Humans are not the only ones prone to psychedelic chemicals found in magic mushrooms. “Zombie scars” – under the influence of a parasitic fungus – have re-emerged in West Virginia to infect their peers, and now scientists have a better understanding of how it happens.
Researchers from the University of West Virginia recently saw the return of these strange creatures, which are infected with a fungus called Massospora. According to a study published in the journal PLOS Pathogens, the fungus manipulates insects to unconsciously open up other scars, and transmits the disease quickly to create a zombie-type army.
When a male cicada is infected by Massospora, researchers have found that it cuts off its wings like a female, a well-known breeding call. This behavior attracts healthy male cycles, facilitating the spread of the fungus, which contains chemicals including psilocinin, found in hallucinogenic mushrooms.
Just how the disease manipulates its host and spreads is only the most recent discovery after decades of research on Massospora. The findings show the parasite’s functions, in part, as a sexually transmitted infection.
“Essentially, cicadas are urging others to become infected because their healthy counterparts are interested in agreeing,” co-author Brian Lovett, a postdoctoral researcher with Davis College of Agriculture, said. Natural Resources and Design, said in a week-long press release. “Bioactive compounds can manipulate insects to stay awake and continue to transmit the pathogen for longer.”
The infected research team returned to southeastern Virginia earlier this year. While periodic scars only appear every 13 or 17 years, time is distributed in different places, making it easier for researchers to study their behavior.
The researchers described the details of the fungus process as “a disturbing display of the proportions of the B-horror film.” The spores eat away at the genitals, butts and abdomens of the cycads until they eventually fall out, replacing them with fungal spores – a brutal process for insects, which have passed just over a decade underground.
Cyclades begin to rot, but instead of dying immediately, they fly around it and infect others.
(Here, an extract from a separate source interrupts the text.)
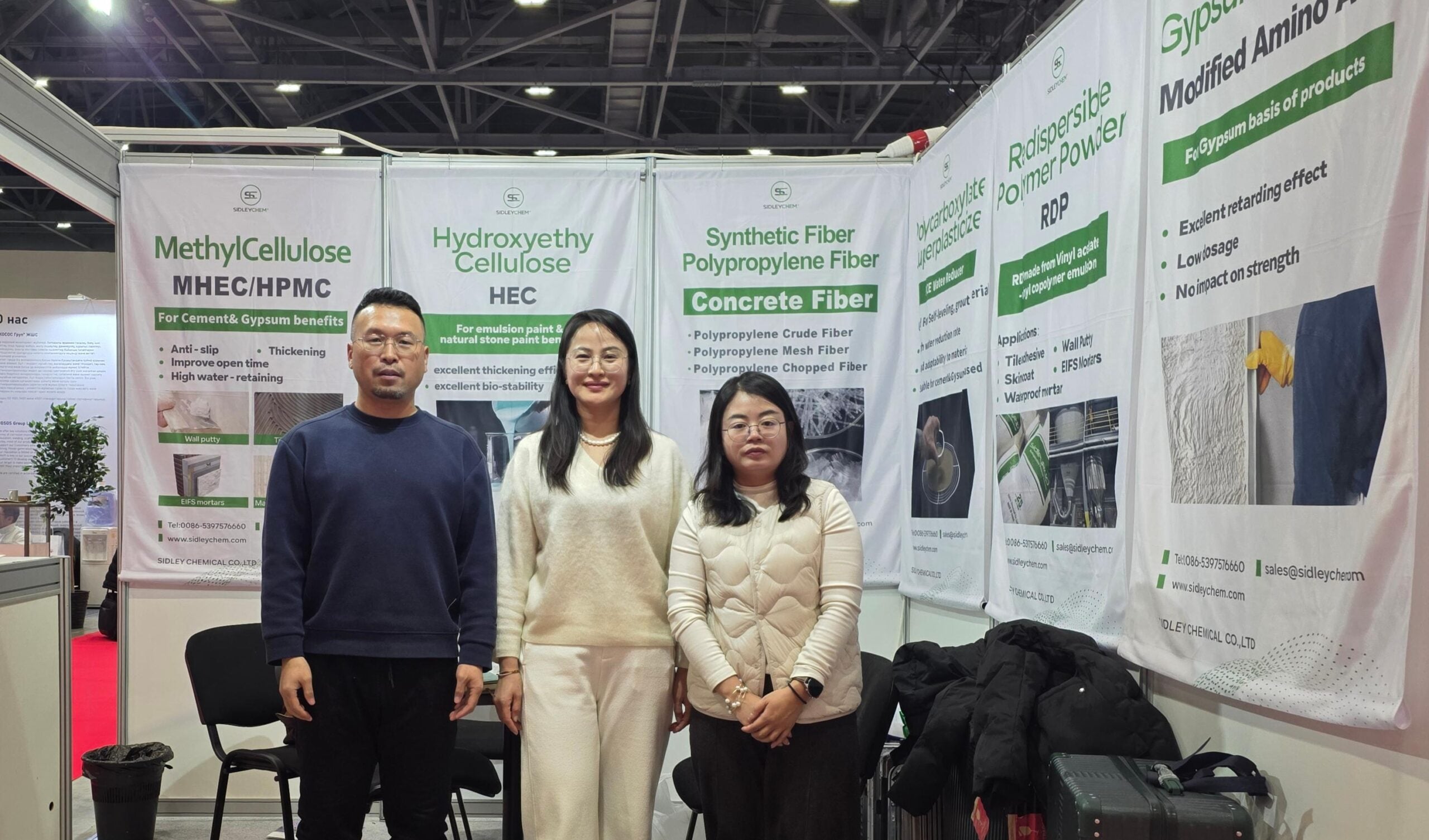 At the strategically designed 9 sqm double-opening Booth A52, SidleyChem’s technical experts presented a comprehensive range of high-performance additives specifically formulated for the Central Asian market. The showcased portfolio, which attracted keen interest from ready-mix plants, formulators, and contractors, included:

Because of the brain’s ability to control infection, insects seem to behave as if nothing is wrong.
Lovett described the process as wearing “away like rubber on a pencil.” Fungi are similar to rabies – they both “teach living insects to make their offerings,” the researchers said – in a process called active host transmission, which is a form of “biological puppets.”
“Since we are also insect-like animals, we like to think we have full control over our decisions and take our free will as a fact,” Lovett said. “But when these pathogens infect cicadas, it’s very clear that the pathogen is leveraging the behavior of the cicada to force it to do things that are not in the interest of the cicada but are very much in the interest of the cicada. pathogen. “
Lovett and his co-author, Matthew Kasson, an associate professor of plant pathology and mycology, first discovered the psychoactive compounds in Massospora-infected cicadas last year. But so far, it is not yet clear how an infection occurs.
Researchers are unsure when in their life cycle they encounter fungi. It is possible that cycad nymphs may encounter Massospora before leaving the ground after 17 years to begin in adults, or in their underground path, before feeding on the roots for 17 years. .
“The fungus can more or less wait within its host for the next 17 years until something wakes up, perhaps a hormone hormone, where it is possibly dormant and asymptomatic in the ziga host. its, “Kasson said.
But, there is no need to be worried about being infected by zombies. Unlikeor , these zombie scars are generally harmless to humans, the researchers said.
“They’re very docile,” Lovett said. “You can walk right up to one, pick it up to see if it has the fungus (white to yellow plug on the back) and put it down. They’re by no means big pests. They’re a really quirky insect. interesting that he has developed a strange lifestyle. ”
Due to their relatively slow reproduction rate, the fungus does not present a major threat to the zygote population. But scientists are still hoping to find out how the pathogen developed, and how it may be evolving to continue the terrorism of other insect species.